Светлана Полякова - Агни Парфене
Так бы и сидеть, слушать их разговоры, думал Саша, но глаза его слипались, он чуть не заснул и был изгнан из этого рая…
А они разговаривали еще долго — Саша слышал их голоса, не разбирая слов, потому что они говорили очень тихо, и ему захотелось молиться, и он удивился тому, что в этом доме всегда почему-то этого хочется, а дома он забывает, и так он заснул.
Утром его разбудил голос дяди Миши, тот вопрошал под его окном: «Кто Бог велий, яко Бог наш, — а потом тихонечко сообщал: — Ты еси Бог творяй чудеса». И Саша не выдержал, вскочил с кровати — впрочем, в окошко уже светило солнце, а дядя Миша готовил завтрак.
— А где дед? — спросил Саша.
— Пусть поспит, — сказал дядя Миша. — С завтраком мы без него управимся, да и мне с тобой поговорить надобно…

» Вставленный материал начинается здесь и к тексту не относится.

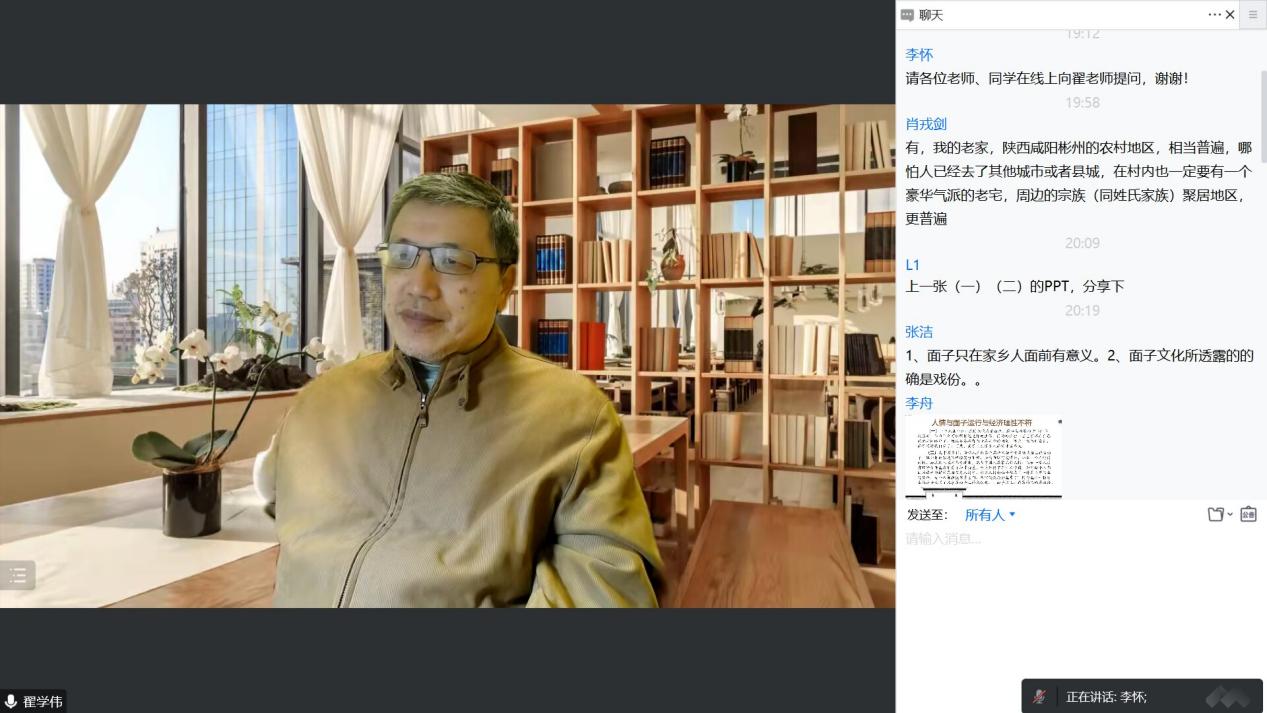 最后,水果派师生与翟老师进行了积极互动,同学们对中国人情和面子及相关问题提出了疑问,翟老师做出了耐心解答。在讲座尾声,李怀老师对翟老师的精彩讲座表达了衷心的感谢,并做总结点评,第一个方面是该主题的历史追溯,让老师同学们了解了这个主题的起源与发展;第二个是通过中西方的对比更加深入的了解人情和面子;第三个是从经验视野出发,扎根于中国本土化的研究;第四个是从批判的视野出发,学术研究的推进和中国的实际情况都需要批判性思维。最后诚挚邀请翟老师在疫情结束后来水果派 做线下讲座,进行更深入的学术交流与探讨。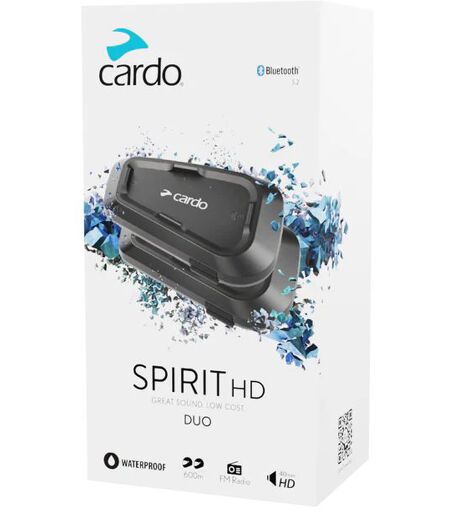 Intercom Bluetooth 5.2 CARDO SPIRIT HD DUO. Jusqu’à 2 utilisateurs. Connectivité TFT. Connectivité universelle. Appels, GPS, radio FM, musique. Radio FM : fréquences de fonctionnement de 76 à 108 MHz. RDS - Radio Data systems. 6 stations préréglées en mémoire. Portée : 600m. Dimensions (h x L x P, en mm) : 47 x 78 x 19. Poids : 35 g. Haut-parleurs HD. Dimensions haut-parleurs (diamètre x P) : 40mm x 10mm. Mise à niveau automatique du volume en fonction du bruit ambiant. Mise à jour sans câble. Charge rapide : 2h d'autonomie en conversation après 20 minutes de charge. Chargeur USB-C inclus. Application mobile Cardo Connect. Autonomie : 13 heures en conversation. Autonomie en veille : 10 jours. Temps de chargement : 2 heures. Température de fonctionnement : -20˚C à +55˚C. ...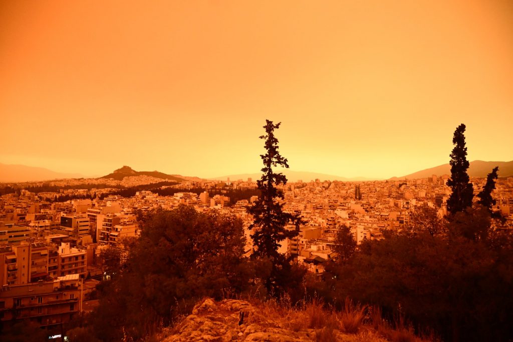 Η αφρικανική σκόνη κατέκλυσε σήμερα Τρίτη (23/4) την ατμόσφαιρα, αλλάζοντας κυριολεκτικά τα χρώματα των πόλεων και το βαθύ πορτοκαλί να κυριαρχεί στον ορίζοντα.

Он вздохнул. Посмотрел в окно, потом на Сашу долго, пристально.
— Как ты думаешь, что есть смерть? — спросил он. — Смерть — это просто дверь, через которую мы проходим в вечность. Вот что такое смерть. И через эту дверь все мы пройдем. Это единственное, в чем мы можем быть уверены. А с нас довольно одного — быть к ней готовыми. Тогда в день Страшного суда мы окажемся по правую руку Господа нашего Иисуса Христа. Там все мы встретимся и будем наслаждаться благами рая. Сюда мы пришли не навсегда, а для того, чтобы, пройдя через все испытания, уйти в вечную жизнь.
— Зачем вы все это мне говорите? — спросил Саша, чувствуя, как темнеет в глазах и так мучительно становится на душе, так она — болит…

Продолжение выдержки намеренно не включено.